Oak goes on. “You’ve almost caught us. You have to make only one small concession, and I will go with you, docile as a lamb.”
“Throw down your blade, prince,” says one of the ex-falcons. “And no harm will come to either of you by our hands while we escort you to the throne room. You can beg for Lady Nore’s mercy and explain why, were you invited to the Citadel, we found you running from her bedchamber.”
Oak lets the sword fall. It clatters to the floor.
One guard wrenches the knife out of my hand, while another takes a skein of rope and winds it between my lips, knotting it at the back of my head. As they push me along, I try to chew it apart, but though my teeth are sharp, I am bound well enough that we reach the throne room with the rope still in my mouth.
They have not bound the prince, but he walks surrounded by drawn blades. I cannot tell if that is meant as a sign of respect for his person or if they don’t want to take their chances by getting too close.
All I know is that I must find a way to speak. Just a few words and I will have her.
The troll pushes me before Lady Nore so that I fall on my hands and knees.
She rises from her seat at a long, food-laden table. We have interrupted her banquet.
Lady Nore’s white hair has been tied up on her head in a complicated arrangement of plaits, although a few have come down. Her gown is an opulent confection of black feathers and silver fabric that deepens to black at the floor. Ex-falcons crowd around her, formerly loyal soldiers to the Grand General of Elfhame, now hers to command.
When I look at her, I am filled with the same hate and fear that paralyzed me throughout my childhood.
And yet, there is fresh madness in her yellow eyes. She is not the same as she was when I saw her last. And disturbingly, I see myself in her. Resentful, and trapped, and full of thwarted desire. The worst parts of me, and all my worst potential.
New also are the two gray hands that she wears as a necklace. Horrifyingly, I see the fingers move as though alive, caressing the hollow of her throat. More horrifyingly, I suspect them to have once belonged to Lord Jarel.
Behind her, on a pillar of ice, is the cracked reliquary that must contain the bones and other remains of Mab. Strangely, tendrils, like roots, grow from the case, one with a bud on it, as though flowering.
On Lady Nore’s left side sits a troll with a crown of beaten gold and a mantle of blue velvet stitched with silver scales. His clothing is leather, richly worked, with a pattern that reminds me of those we saw in the Stone Forest.

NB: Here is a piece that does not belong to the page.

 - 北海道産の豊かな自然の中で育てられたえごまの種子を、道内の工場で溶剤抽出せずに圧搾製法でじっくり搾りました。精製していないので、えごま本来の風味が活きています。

Hurclaw, who has somehow evaded the curse of the Stone Forest. Who has brought his people to help guard the Citadel. But why throw in his lot with Lady Nore? If what Oak got from Gorga was correct, Hurclaw is here to court her. If so, perhaps her power makes for a compelling dowry. He and his trolls make up the majority of those seated, along with two huldufólk ladies, and Bogdana. She is in her usual ragged black robes, her hair as wild as ever. When she sees me, a strange gleam enters her eyes.

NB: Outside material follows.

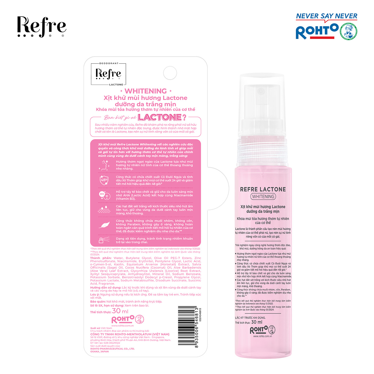 ✨Xịt khử mùi, khóa mùi tỏa hương thơm tự nhiên cơ thể Refre Lactone Whitening 30ml

On the table before all of them are silver plates and goblets of ice filled with black wine from the night-blooming fruit of the duergar. Black radishes, soaked in vinegar and cut into thin slivers to show off their pale insides. Trays of snow drizzled with honey so that the honey freezes and can be lifted and eaten like a cracker. Jellied meat, with an uncomfortable resemblance to the walls of the Citadel with things frozen inside.
A single musician plucks at the strings of a harp.
Despite the feast, and the guards, and stick soldiers standing at attention along one wall, the room seems empty by comparison with what it was once like, when Lord Jarel was alive. There ought to have been tables filling the hall, with guests to make toasts. Cupbearers. Entertainers. A court shaped entirely to Lady Nore’s whims. Have they all fled?